» Material provided
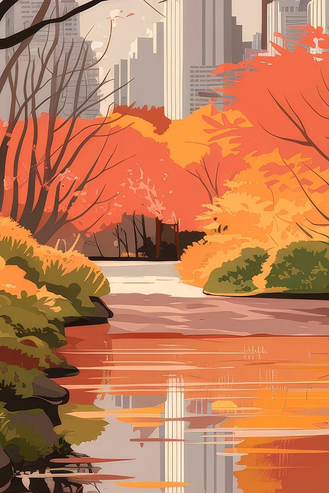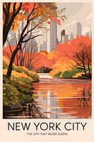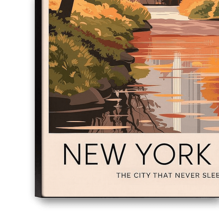 Een harmonieus samenspel van warme herfsttinten en stedelijke flair voert de kijker mee naar de levendige achtergrond van New York. Het kalm stromende water weerspiegelt de etherische schoonheid van de natuur, terwijl de imposante wolkenkrabbers de constante hartslag van de stad belichamen. Ideaal voor in de woonkamer om je op elk moment onder te dompelen in een inspirerende sfeer.
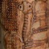 This beautiful shaped base with beige and terra tones fits perfectly with the beige custom made silk shade and brown piping with bronze inner shade. The shade has a beautiful shape with an opening on one side. Illuminates beautifully.
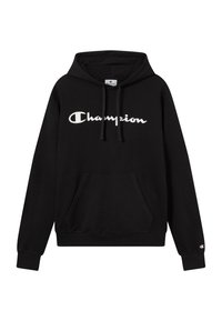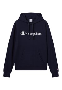 Marineblauer Champion-Hoodie aus Baumwolle, mit einer Vordertasche, Kordelzügen und einem gestickten Logo. Strukturierter Stoff mit gerippten Bündchen.
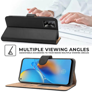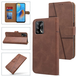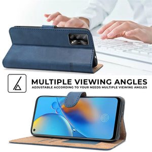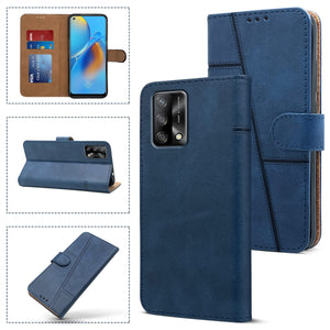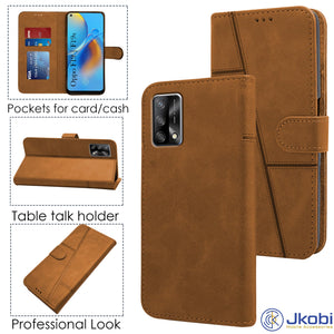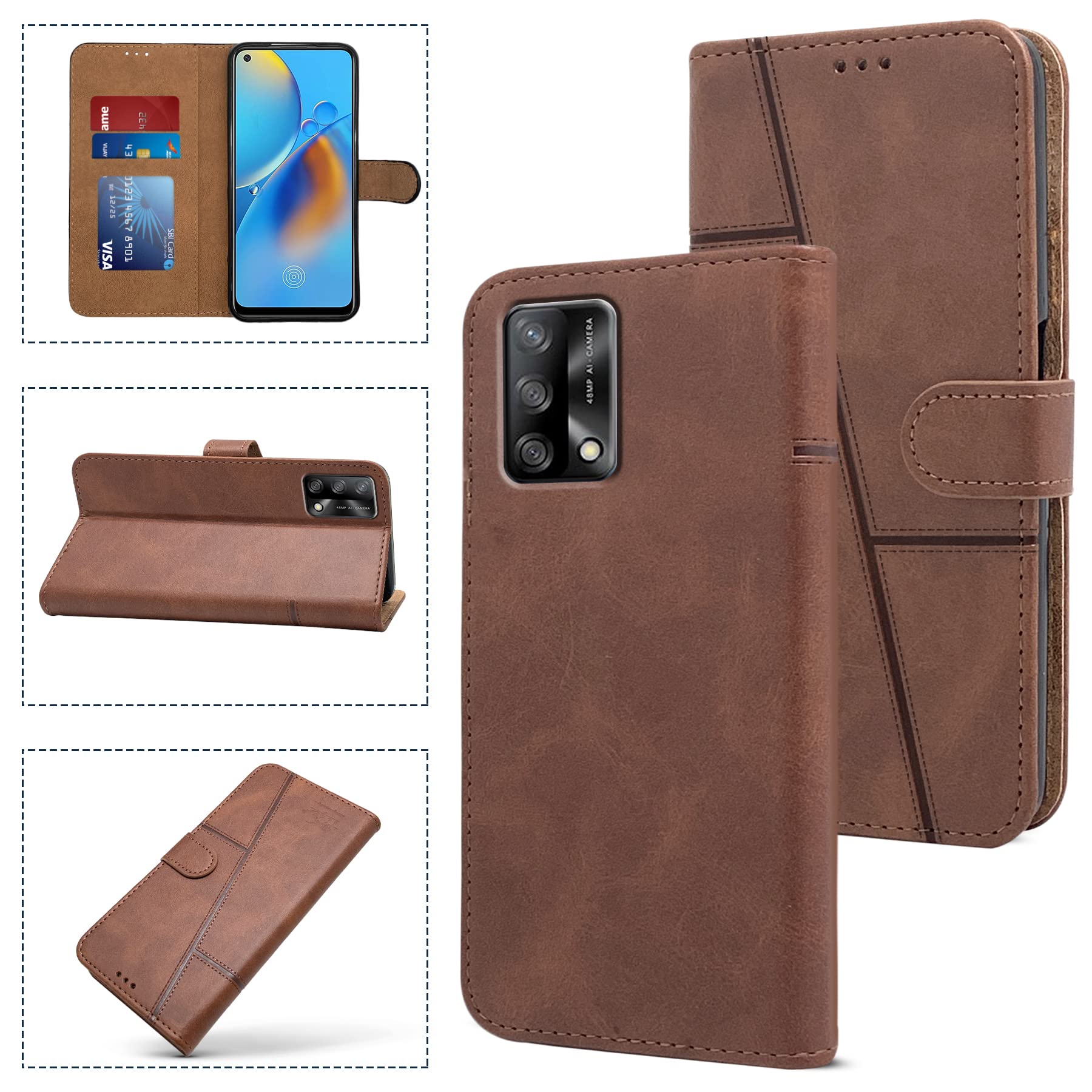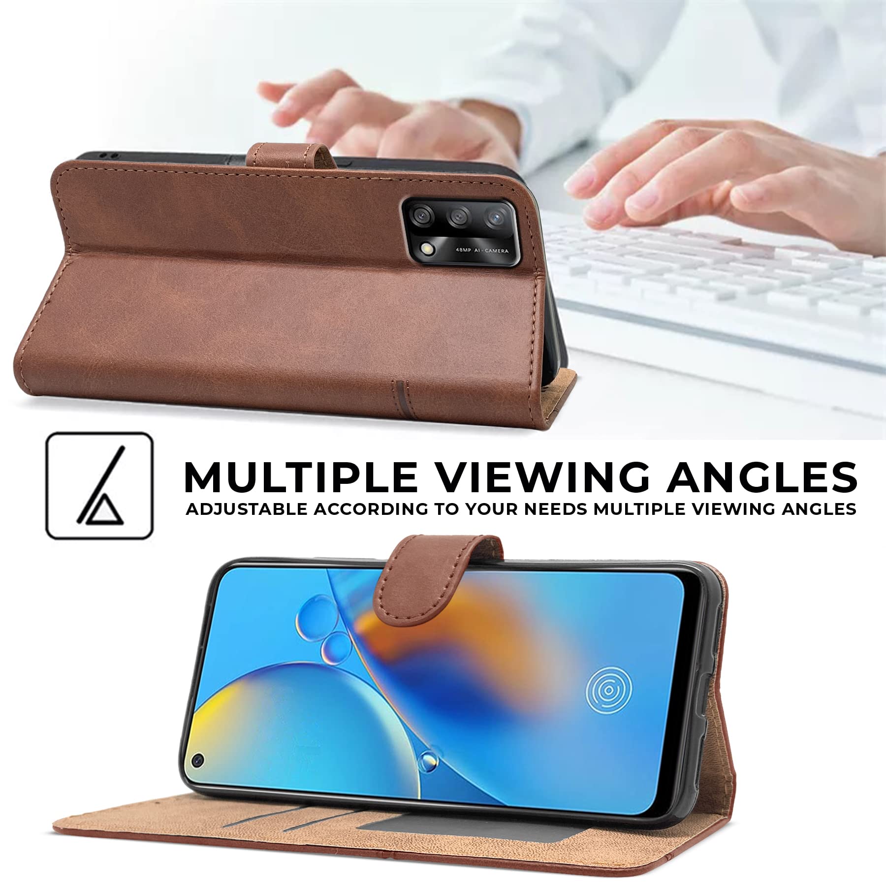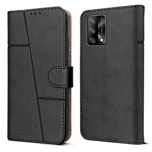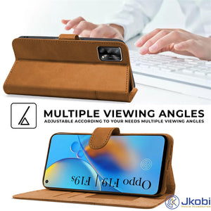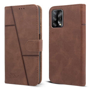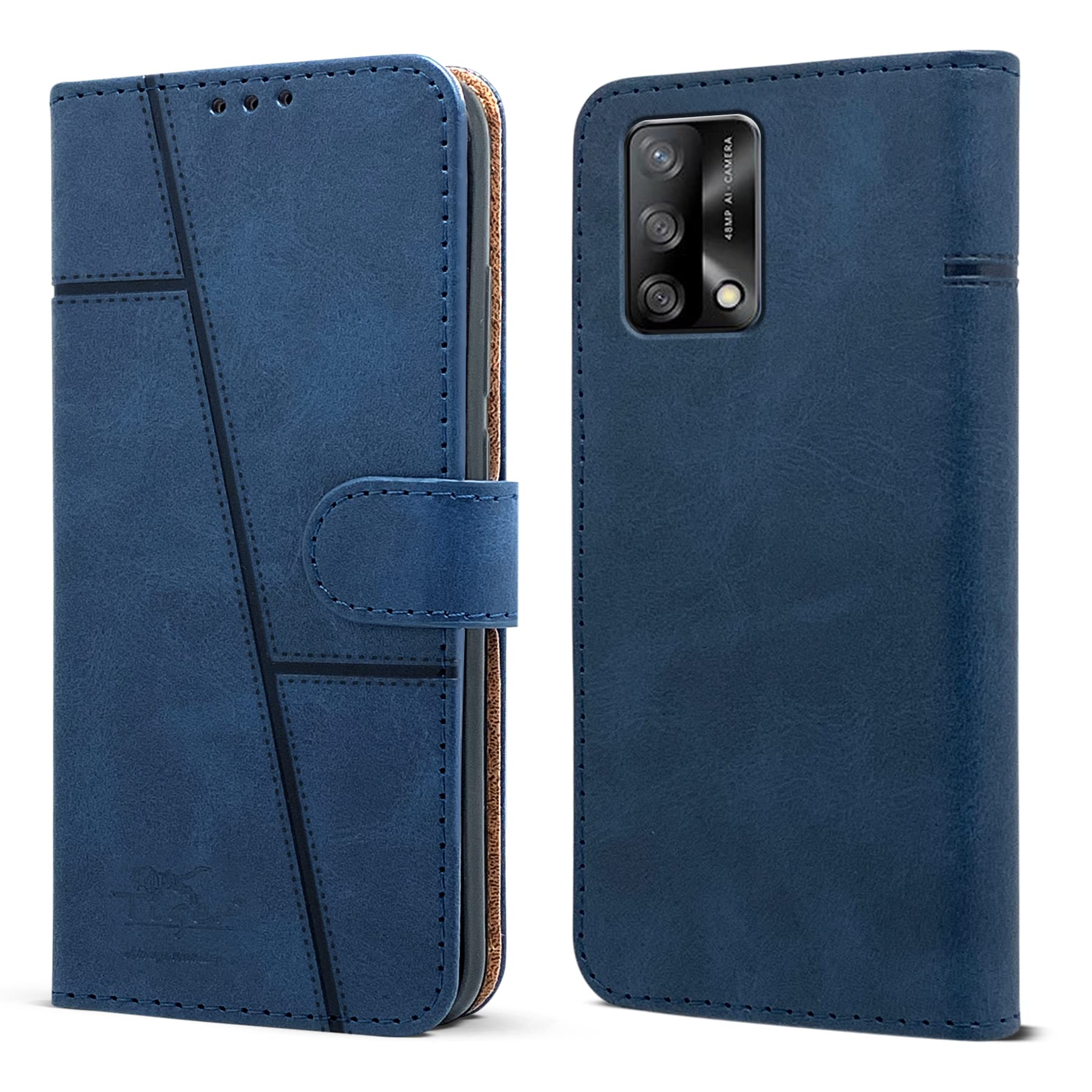 For Oppo F19 | F19s Flip Cover Case (Stitched Leather Finish | Magnetic Closure | Inner TPU | Foldable Stand | Wallet Card Slots)

» What is required
Without including any pictures, print all of the material exactly as given.

» Finished exercise
 Een harmonieus samenspel van warme herfsttinten en stedelijke flair voert de kijker mee naar de levendige achtergrond van New York. Het kalm stromende water weerspiegelt de etherische schoonheid van de natuur, terwijl de imposante wolkenkrabbers de constante hartslag van de stad belichamen. Ideaal voor in de woonkamer om je op elk moment onder te dompelen in een inspirerende sfeer.
 This beautiful shaped base with beige and terra tones fits perfectly with the beige custom made silk shade and brown piping with bronze inner shade. The shade has a beautiful shape with an opening on one side. Illuminates beautifully.
 Marineblauer Champion-Hoodie aus Baumwolle, mit einer Vordertasche, Kordelzügen und einem gestickten Logo. Strukturierter Stoff mit gerippten Bündchen.
 For Oppo F19 | F19s Flip Cover Case (Stitched Leather Finish | Magnetic Closure | Inner TPU | Foldable Stand | Wallet Card Slots)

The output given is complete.